I am going on a student visa & have to pay $7070.00 school fees for my 10 year old son for 1 year, check out goverment schools fees websites;


----------



## qwert (Feb 22, 2010)

Hi Cheryl

It is indeed true that certain states (surely Victoria) charge you schooling fees if you are on a 457, this is primarily because you are a Temporary Resident and not a Permanent one.

For Primary Education, if you live in certain suburbs and send your child to the schools within that suburb, you get charged less. 
Also, Primary State Gov. School's are like 500 bucks an year.

Cheers,


----------



## cgvaughan (Jul 31, 2010)

Cheryl D said:


> Hiya,
> I'm new to this and am after some advice. My husband is hopefully being granted a 457 working visa and we have been told that certain states in Australia charge temporary residents with school fees. Does anyone know if this is true and if so, any idea of what the fees are?? Also, does anyone know about being granted a mortgage whilst being on a temporary 457? Thanks all !


Hi Cheryl,
On the question of a [LINK REMOVED BY MODERATOR]mortgage while on a 457 temporary resident visa, you certainly can. Some banks will not loan to you but others will, just had a lower LVR (LTV). Ie, generally they will require a substantial deposit down of 20% plus of course your purchasing costs like stamp duty. 

So yes, home loans are available for those on temporary residency visas at normal home loan interest rates. You will just be required to put down a bigger deposit. 

Foreign investment review board will be required as well, but providing you are going to live there this is never an issue. Key is to use a mortgage broker that specialises in [LINK REMOVED BY MODERATOR] temporary resident home loans who can help you with the FIRB application and getting your home loan approved.


----------



## The Brit in Aus (Apr 25, 2009)

Temporary 457 Visa Holders

The New South Wales and Australian Capital Territories education authorities have stated that temporary 457 visa holders, and other temporary residents, are not eligible for subsidised education in Government schools.

Consequently, fees in NSW can vary between $4,000 and $6,000.
In the ACT, it is even higher at between $9,000 and $14,000.

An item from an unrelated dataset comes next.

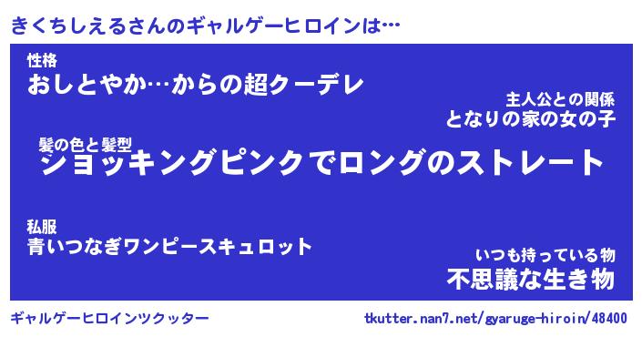 | 女子向けラノベタイトル風あだ名 | 『(仮)きくちしえるのやんごとなき事情』 |
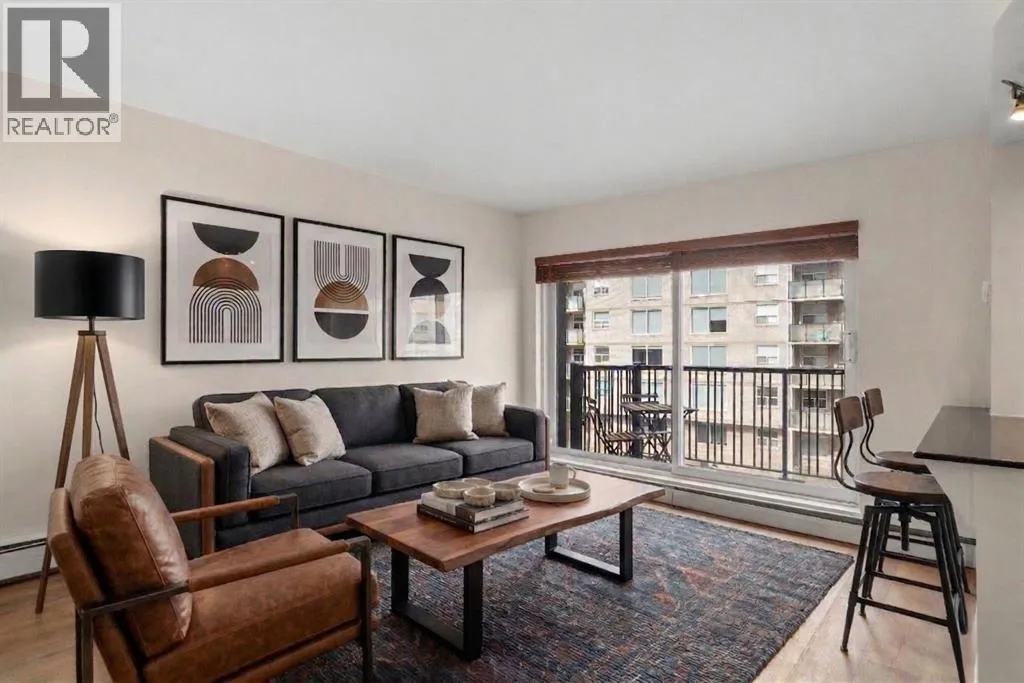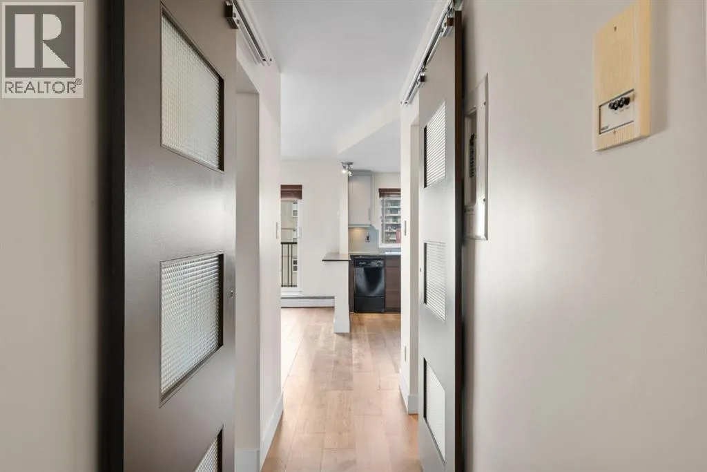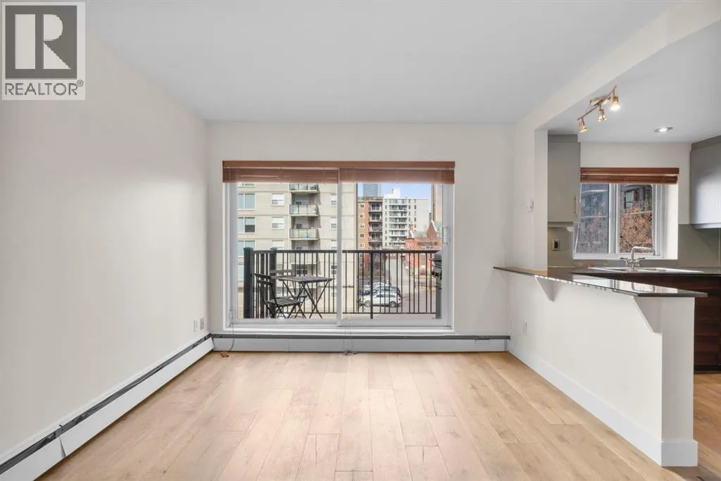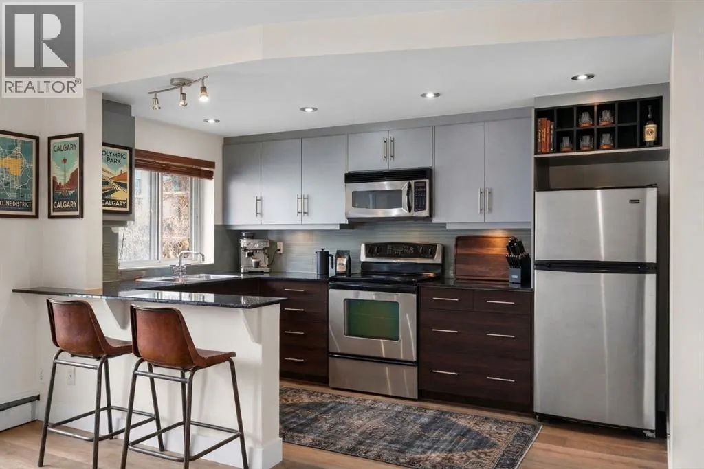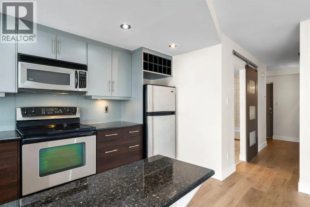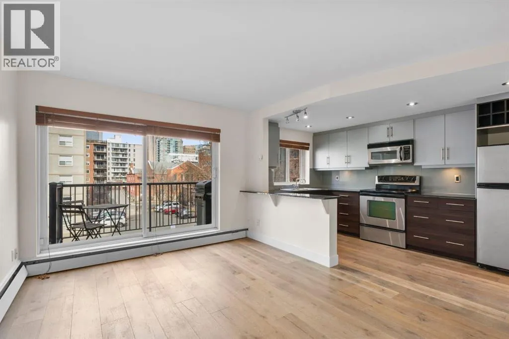 TOP-FLOOR CORNER UNIT - IN ONE OF DOWNTOWN'S BEST LOCATIONS - STEPS TO 17TH AVE! Set on one of the most desirable streets in the Beltline area, this location delivers unbeatable walkability. Just steps to 17th Avenue!! You will be surrounded by Calgaryâs top restaurants, cafés, fitness studios and boutiques - all within a 5-minute walk. Quiet, tree-lined and incredibly central, this building is on a street that offers both energy and calm. Located in a well-maintained small (only 16 units!) CONCRETE building, this TOP FLOOR, corner unit offers added privacy with no neighbours above you. This 4-level walk-up is known for its solid construction and quiet living. Secure FOB access gets you in the building. Inside, youâll find NEW HARDWOOD floors throughout, BIG closet at front entrance. This unit maximizes the space - 484 sq ft - and feels big and open! Functional 1 bedroom, 1 bathroom layout with TONS of natural light. Enjoy cooking in your kitchen with lots of counter space (GRANITE!) PLUS a great sized window above the sink! Open concept. BALCONY. Nice sized bedroom with AWESOME closet space and glass sliding doors. Barn doors, baseboards, lighting, handles and cabinet coloring - truly make this unit feel updated and modern! LAUNDRY IN THE UNIT! Brand new washer/dryer. Soaker tub. PET-FRIENDLY building (with board approval) - no size or breed restrictions - makes this a rare find for pet owners in the inner city!!! Condo fees include heat and water. An ideal opportunity for those seeking inner-city living with exceptional walkability, privacy and long-term value. Don't have a car? You can literally WALK/BIKE everywhere....But this unit comes with assigned parking! Work downtown? Enjoy the benefits of inner-city living - with reduced commute times = come home for lunch or take the dog out! Transit is close - 2 bus stops within a two min walk. Perfect for young professionals, first-time buyers or investors! STOP renting - pay your own mortgage i nstead!!!! NO POST TENSION CABLES! SHORT TERM RENTALS ALLOWED WITH BOARD APPROVAL! (id:27476)

Details of Visa numbers and related conditions applying to enrolment in a NSW Government school can be found at NSW Public Schools Home Page

The other States: Queensland, South Australia, Tasmania, Victoria, Western Australia and The Northern Territory do allow temporary 457 visa holders the same subsidised education that Citizens and Permanent Residents receive.


----------